→ Data extract
□ □ □
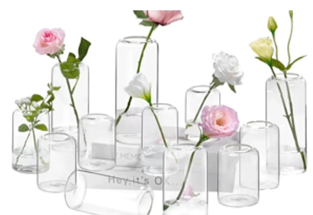 Clear Glass Bud Vase Set of 12 – Mixed Sizes
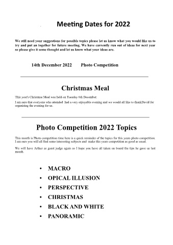 This month is Photo competition time here is a quick reminder of the topics for this years photo competition.
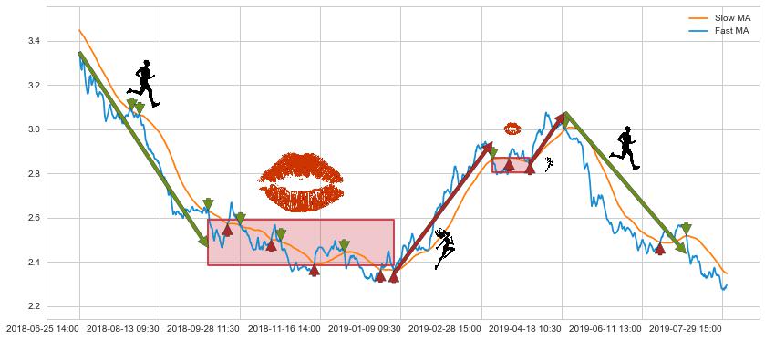 ⚂ 2019-07-03 14:00:00-小时均线向上突破,2019-07-08 14:00:00-小时重新下穿均线破位,均线阻力再次生效
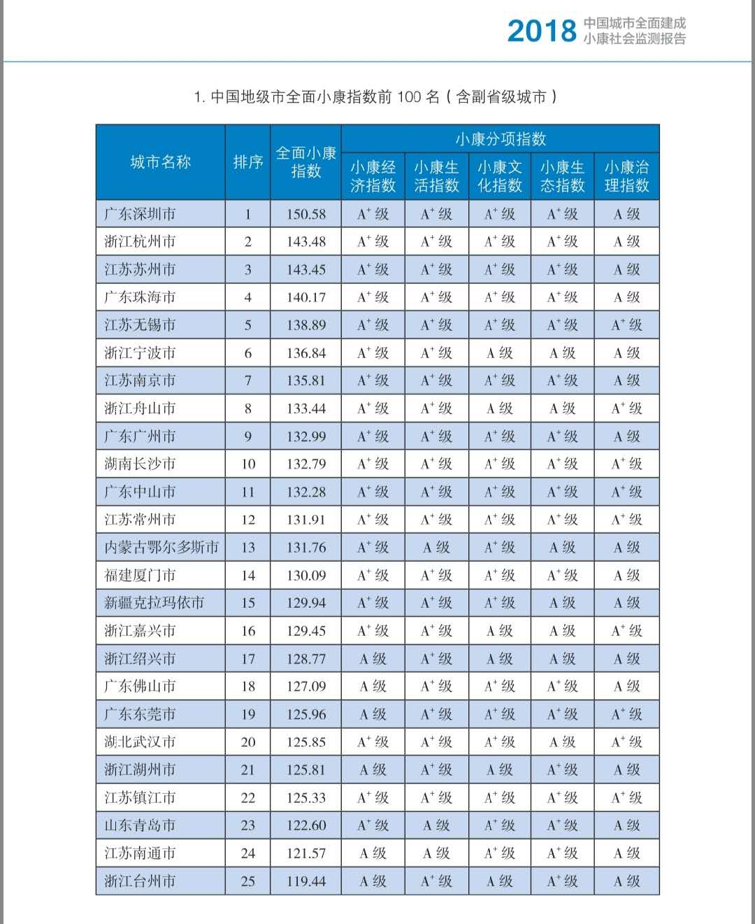 中國地級市全面小康指數(shù)前100名(含副省級城市)之前25名。
□ □ □
→ Work required
Please output all the data exactly as given, with the pictures omitted.

→ Exercise result
 Clear Glass Bud Vase Set of 12 – Mixed Sizes
 This month is Photo competition time here is a quick reminder of the topics for this years photo competition.
 ⚂ 2019-07-03 14:00:00-小时均线向上突破,2019-07-08 14:00:00-小时重新下穿均线破位,均线阻力再次生效
 中國地級市全面小康指數(shù)前100名(含副省級城市)之前25名。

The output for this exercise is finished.